Record excerpts Block Start
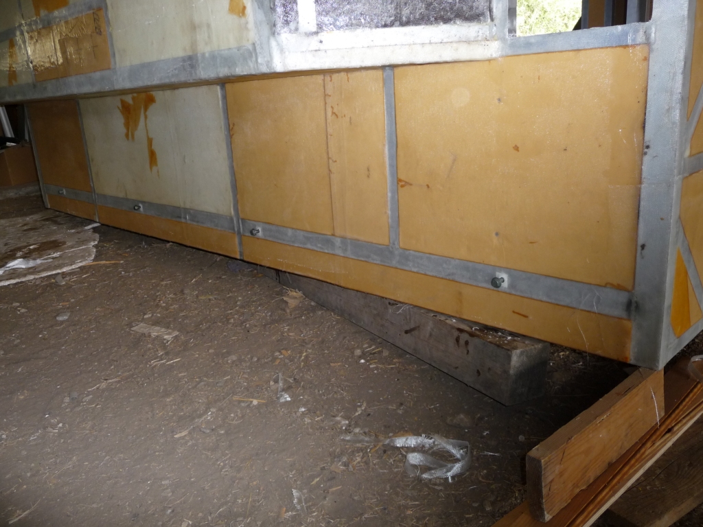 A l’intérieur, je pose contre la mousse et la structure une couche de liège de 4-5 mm + un contreplaqué en peuplier de 5 mm, le tout riveté sur la structure en alu. Cela permet d’éviter les ponts thermiques dus à la structure alu et d’améliorer l’isolation phonique.
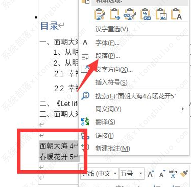 2、进入段落设置,若要手动设定目录,输入目录内容并选中后,请右击鼠标,然后点击“段落”。
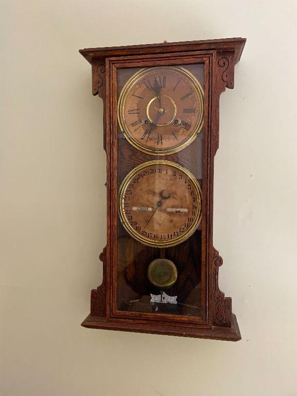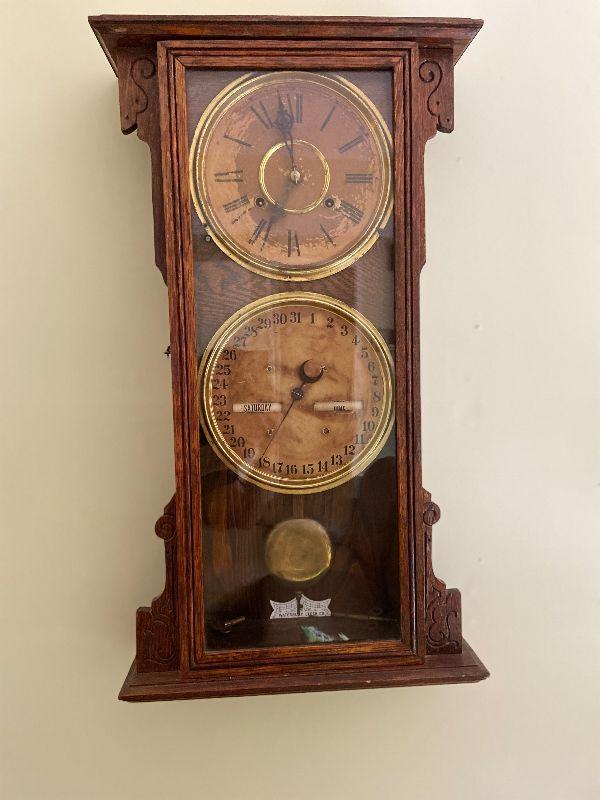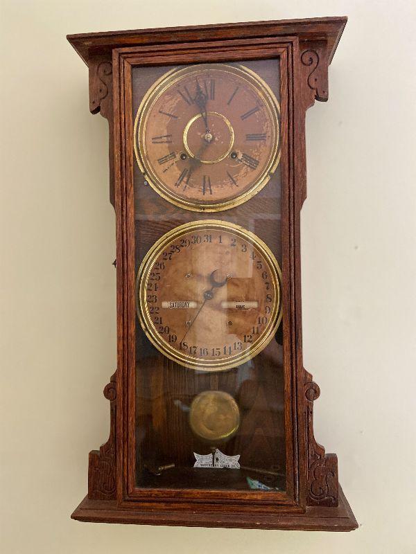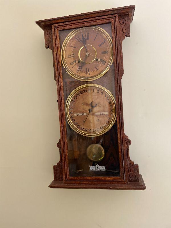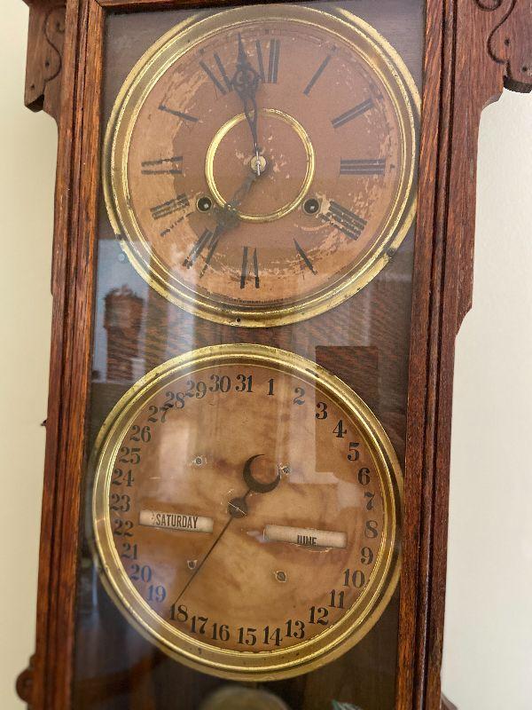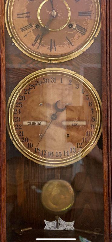 F18: Antique Waterbury Clock Co. Clock and Calendar
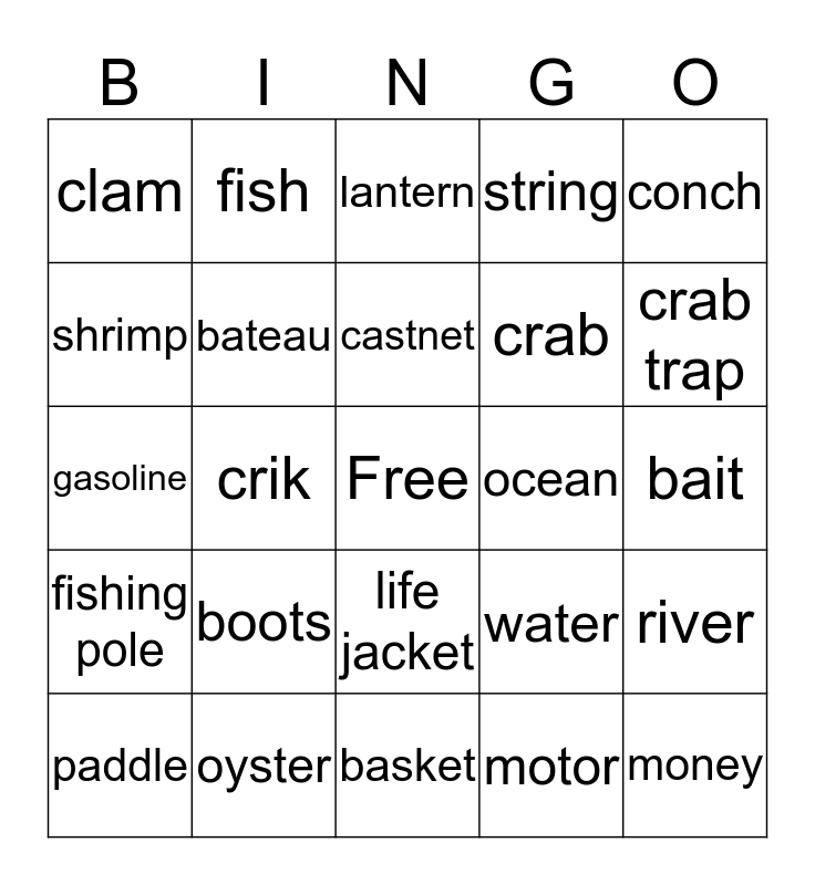 This bingo card has a free space and 24 words: boots, oyster, castnet, paddle, conch, clam, shrimp, fish, ocean, life jacket, crab, gasoline, water, river, bateau, motor, bait, lantern, crab trap, crik, money, fishing pole, string and basket.
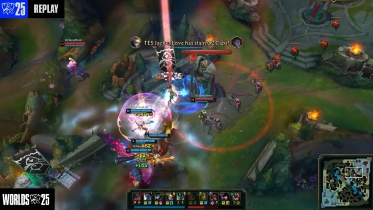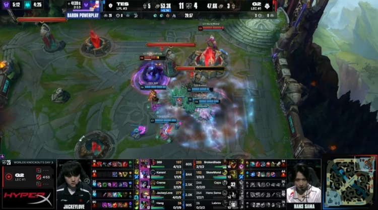 第三局前期SkewMond艾翁上路gank击杀369剑魔,随后SkewMond入侵TES野区没能点到Labrov锤石灯笼被杀,双方持续发育,经济差距不大。
Record excerpts Block End
Problem details:
Please reproduce, word for word, every line from the first line of the records above through the line containing "F18: Antique Waterbury", and leave out the pictures.

Response box:
 A l’intérieur, je pose contre la mousse et la structure une couche de liège de 4-5 mm + un contreplaqué en peuplier de 5 mm, le tout riveté sur la structure en alu. Cela permet d’éviter les ponts thermiques dus à la structure alu et d’améliorer l’isolation phonique.
 2、进入段落设置,若要手动设定目录,输入目录内容并选中后,请右击鼠标,然后点击“段落”。
 F18: Antique Waterbury Clock Co. Clock and Calendar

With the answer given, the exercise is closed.